What is required >> From the first line of the data below through the line bearing "Desde el año", reproduce each line exactly; do not include pictures.
** Data below follows **
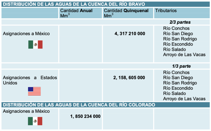 Dicho pacto establece la asignación de las aguas de los ríos Bravo y Colorado de la siguiente manera:
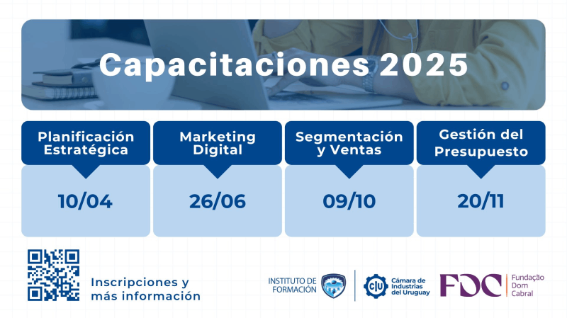 Desde el año 2023, la Cámara de Industrias del Uruguay (CIU) y la Fundación Dom Cabral (FDC), institución educativa radicada en Brasil, mantienen una alianza estratégica para capacitar al sector industrial uruguayo. En ese marco, durante el año se realizarán capacitaciones en Planificación Estratégica, Marketing Digital, Segmentación de Ventas y Gestión de Presupuesto. La participación es abierta y sin costo para directores y mandos medios de empresas del sector.
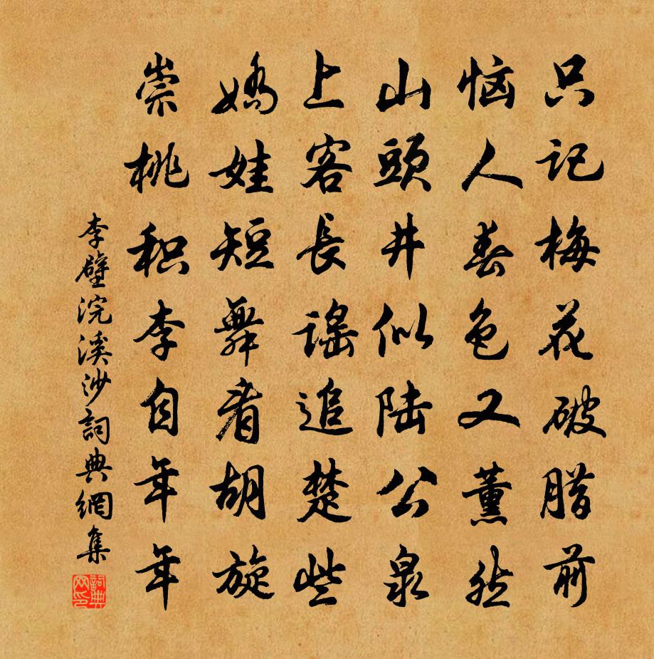 詩詞名句歷史字典書法欣賞書法字典國語詞典說文解字康熙字典古漢語字典標 題 作 者 詩 句 浣溪沙作者:李壁 朝代:宋代浣溪沙原文只記梅花破臘前。惱人春色又薰然。山頭井似陸公泉。上客長謠追楚些,嬌娃短舞看胡旋。崇桃積李自年年。詩詞問答問:浣溪沙的作者是誰?答:李壁問:浣溪沙寫於哪個朝代?答:宋代問:浣溪沙是什麼體裁?答:詞李壁浣溪沙書法欣賞浣溪沙書法作品詩詞推薦梅花二首蘇軾〔宋代〕何人把酒慰深幽?開自無聊落更愁。幸有清溪三百曲,不辭相送到黃州。毛希元隱居廬山臥龍瀑葉述〔宋代〕毛子罵吳曦,蜀山渺孤憤。五老急扣聘,延留如大賓。龍分自眠地,惠帳饒珠蠙。岩花開恨晚,谷鳥鳴先春。弔古春日山亭牟融〔唐代〕醉來重整華陽巾,搔首驚看白髮新。莫道愁多因病酒,只緣命薄不辭貧。龍魚失水難為用,龜玉蒙塵未見珍。正是再次韻四首陳造〔宋代〕犖确悍頑經數驛,醒然初挹碧嶙峋。眼明驟與真山晤,不比逃虛見似人。覽古四十二首 其十二楊維楨〔元代〕漢廷古遺直,免官歸田園。已聞御史奏,嚴李有飛言。矯制獨無罪,加冠禮終存。誰謂淮陽召,淮陽為寡恩。水調歌頭佚名〔宋代〕三徑當松竹,五畝足煙霞。箇中卜宅,蓬山佳致足君家。前有書江環繞,後有橫崗崪嵂,萬象總森羅。輸奐翬飛處彩花張耒〔宋代〕清寒帶雪未成春,可得芳菲早向人。須遣艷陽歸掌握,故教桃李及芳辰。郎官湖春日四首李祁〔宋代〕十日春陰到水亭,水邊楊柳一時青。梅花過盡桃花惡,乞取山礬入淨瓶。秋夜嘆王逢〔元代〕大星芒鬛張,小星光華開。皇天示兵象,勝地今蒿萊。河嶽氣不分,燭龍安在哉?參贊道豈謬,積陰故遲回。疏風縣齋秋夕張詠〔宋代〕才薄難勝任,空銷懶惰情。公堂群吏散,苔地秘蛩聲。隔歲鄉書絕,新寒酒病生。方今聖明代,不敢話辭榮。玉樓春(宛丘行□□□□之園見梅對雪)向子諲〔宋代〕記得江城春意動。兩行疏梅龍腦凍。佳人不用辟寒犀,踏雪穿花雲鬢重。真珠旋滴留人共。更爇沈香暖金鳳。只今贈司空拾遺佚名〔唐代〕侍臣何事辭雲陛,江上微雲見雪花。望閣未承丹鳳詔,掩門空對楚人家。陳琳草奏才還在,王粲登樓興未賒。高館柳梢青吳潛〔宋代〕斷續殘虹,翩飛去鳥,別岸孤村。傍水樓台,滿城鐘鼓,又是黃昏。悠悠歲月如奔。正目斷、邊塵塞雲。兩鬢秋風贈山房先生得宣命何昭德〔宋代〕飛鳳翩翩下九閽,先生出處重斯文。不將鐘鼎易朱紱,要老桐山守白雲。處士一生純是晉,逸民千古尚為殷。皇家飯罷登山楊萬里〔宋代〕樹遠通鸚響,花晴帶雨痕。登山偶回首,隔水見前村。澹往孤無伴,清歸笑不言。還家更遲著,松菊未應存。送王巽澤侍郎王炎〔宋代〕屈指桃溪上,差池二十年。知心寧易得,識面豈無緣。離別何須恨,平安可數傳。異時如索我,小隱翠微邊。漁村落照趙蕃〔宋代〕落日千山赤,平林一帶青。翁方賣魚去,孤檝自橫汀。江亭醉後李覯〔宋代〕平生尚倜儻,壯大苦摧折。主人能結納,佳境為鋪設。涉{左氵右皛}東江來,谽谺暮雲裂。倡女稍多藝,市酒且征婦詞十首劉克莊〔宋代〕江南絲帛貴,塞北雪霜濃。莫恨鐵衣冷,全裝可御冬。憶同尋上陽故宮路司馬光〔宋代〕上陽門外雲連草,車馬遙遙往來道。昔王游豫幾何年,今人豈識當時好。明珠翠羽已成塵,道上行人幾番老。當時名句推薦激濁揚清,嫉惡好善吳兢《貞觀政要·卷二·論任賢》 宿醉離愁慢髻鬟,六銖衣薄惹輕寒,慵紅悶翠掩青鸞韓偓《浣溪沙·宿醉離愁慢髻鬟》 無言獨上西樓,月如鉤。李煜《相見歡·無言獨上西樓》 渡江天馬南來,幾人真是經綸手。辛棄疾《水龍吟·甲辰歲壽韓南澗尚書》 觀其交遊,則其賢不肖可察也管仲《管子·權修》 罩向金籠好羽儀,分明喉舌似君稀僧定渚《詠鸚鵡》 北郭清溪一帶流,紅橋風物眼中秋,綠楊城郭是揚州。王士禎《浣溪沙·紅橋》 還卿一缽無情淚,恨不相逢未剃時。蘇曼殊《本事詩十首·選二》 惜恐鏡中春。不如花草新。張先《菩薩蠻·憶郎還上層樓曲》 曉霧將歇,猿鳥亂鳴;陶弘景《答謝中書書》
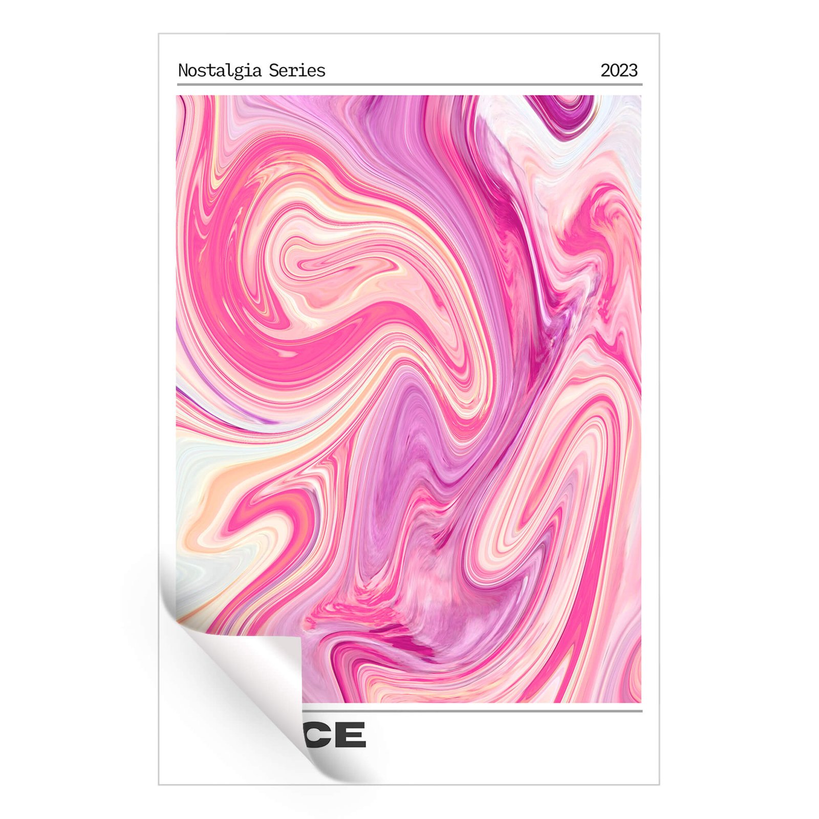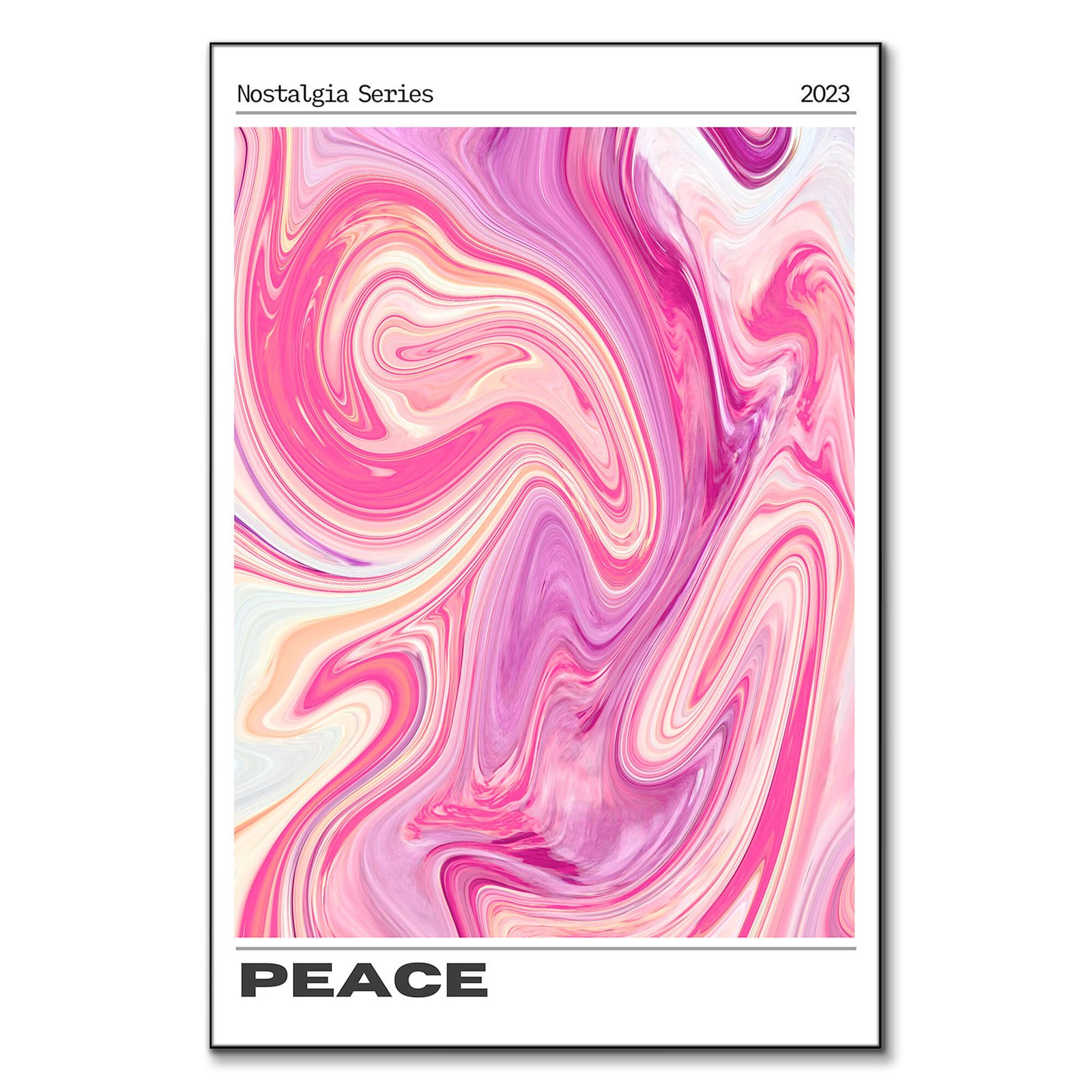 Soft rose, fuchsia, and lavender pigments twist like liquid marble, creating silky ribbons that ripple from corner to corner. Subtle sherbet oranges peek through the folds, adding gentle warmth to the pink spectrum. The fluid motion feels endless, as if the colors are caught in a slow-moving vortex. Thin ivory veils lighten the center, giving the eye places to rest. A crisp white border carries the typeface words Nostalgia Series 2023, grounding the swirling field in time. The lower edge spells PEACE in charcoal gray, balancing the lively palette with a quiet statement.
** End of Data below **
Exercise output >>
 Dicho pacto establece la asignación de las aguas de los ríos Bravo y Colorado de la siguiente manera:
 Desde el año 2023, la Cámara de Industrias del Uruguay (CIU) y la Fundación Dom Cabral (FDC), institución educativa radicada en Brasil, mantienen una alianza estratégica para capacitar al sector industrial uruguayo. En ese marco, durante el año se realizarán capacitaciones en Planificación Estratégica, Marketing Digital, Segmentación de Ventas y Gestión de Presupuesto. La participación es abierta y sin costo para directores y mandos medios de empresas del sector.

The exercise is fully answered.